> TASK TO CARRY OUT:
Using the records that follow, reproduce exactly the lines starting at the line containing "Breezy stripes adorn" and ending at the line containing "Myocardial infraction, the". Include both end lines and no pictures.
Top of DATA RECORDS
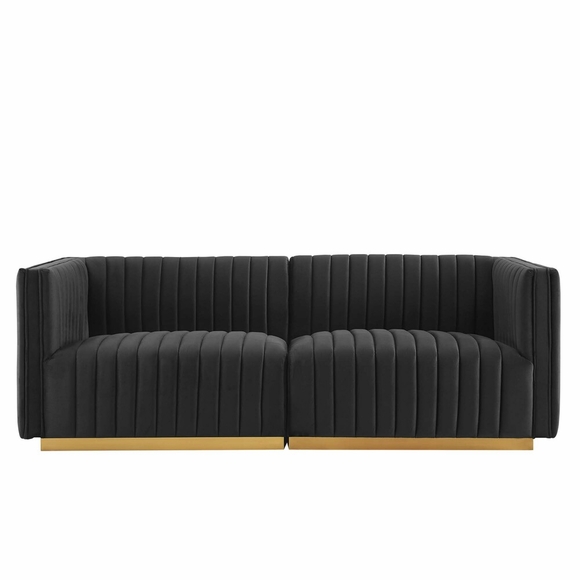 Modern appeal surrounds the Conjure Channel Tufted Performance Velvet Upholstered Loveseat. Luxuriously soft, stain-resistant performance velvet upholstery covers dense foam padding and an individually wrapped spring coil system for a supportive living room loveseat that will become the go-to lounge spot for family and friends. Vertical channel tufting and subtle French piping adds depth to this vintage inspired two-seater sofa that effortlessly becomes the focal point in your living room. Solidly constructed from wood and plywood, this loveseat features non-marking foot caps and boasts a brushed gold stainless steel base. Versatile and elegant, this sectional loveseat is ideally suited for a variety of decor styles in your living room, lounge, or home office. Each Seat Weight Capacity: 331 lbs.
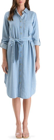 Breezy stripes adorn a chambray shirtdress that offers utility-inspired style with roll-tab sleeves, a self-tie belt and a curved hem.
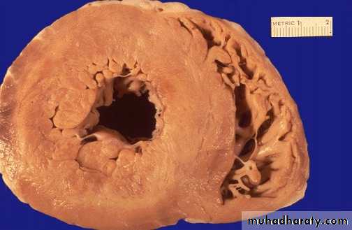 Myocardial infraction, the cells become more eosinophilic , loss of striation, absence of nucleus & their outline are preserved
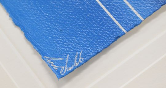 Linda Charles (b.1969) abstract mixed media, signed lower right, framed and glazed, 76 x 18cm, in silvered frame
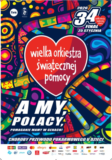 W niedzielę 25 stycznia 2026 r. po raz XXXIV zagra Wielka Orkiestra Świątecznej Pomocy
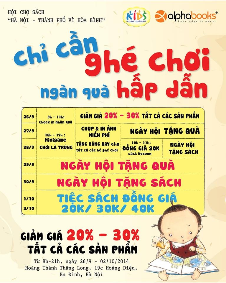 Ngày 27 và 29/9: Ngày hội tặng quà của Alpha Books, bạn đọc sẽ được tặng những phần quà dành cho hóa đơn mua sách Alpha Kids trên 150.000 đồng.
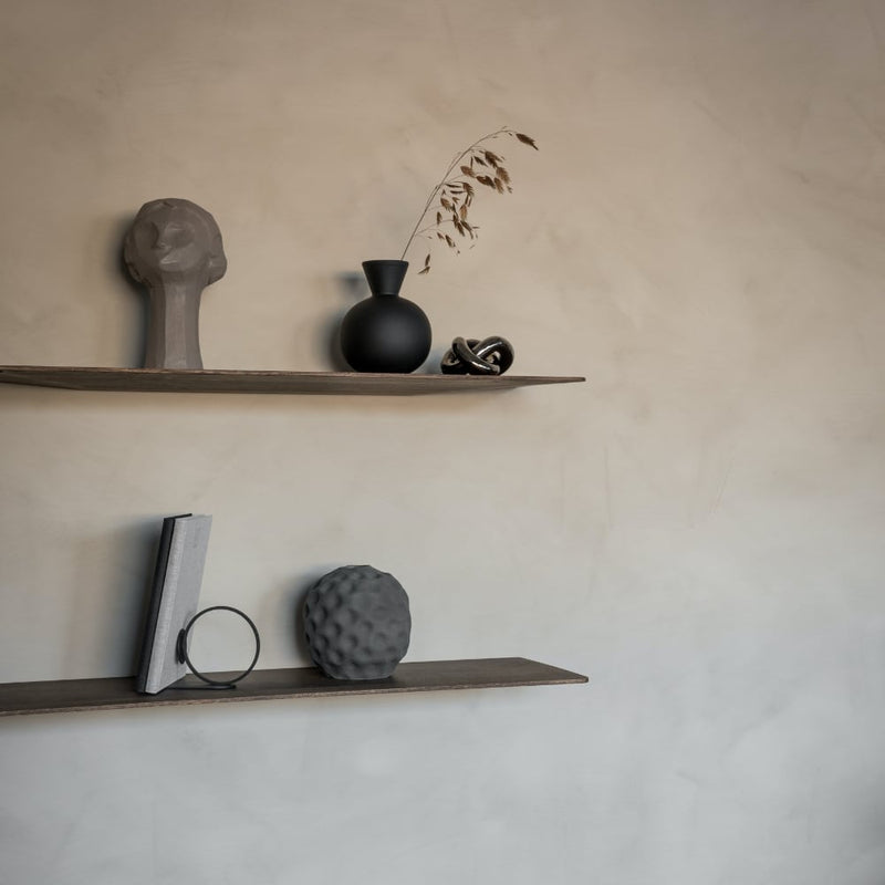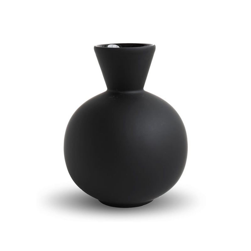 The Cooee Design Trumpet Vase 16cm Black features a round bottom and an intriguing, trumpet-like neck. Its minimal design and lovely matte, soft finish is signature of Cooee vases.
Bottom of DATA RECORDS
> WRITTEN RESPONSE:
 Breezy stripes adorn a chambray shirtdress that offers utility-inspired style with roll-tab sleeves, a self-tie belt and a curved hem.
 Myocardial infraction, the cells become more eosinophilic , loss of striation, absence of nucleus & their outline are preserved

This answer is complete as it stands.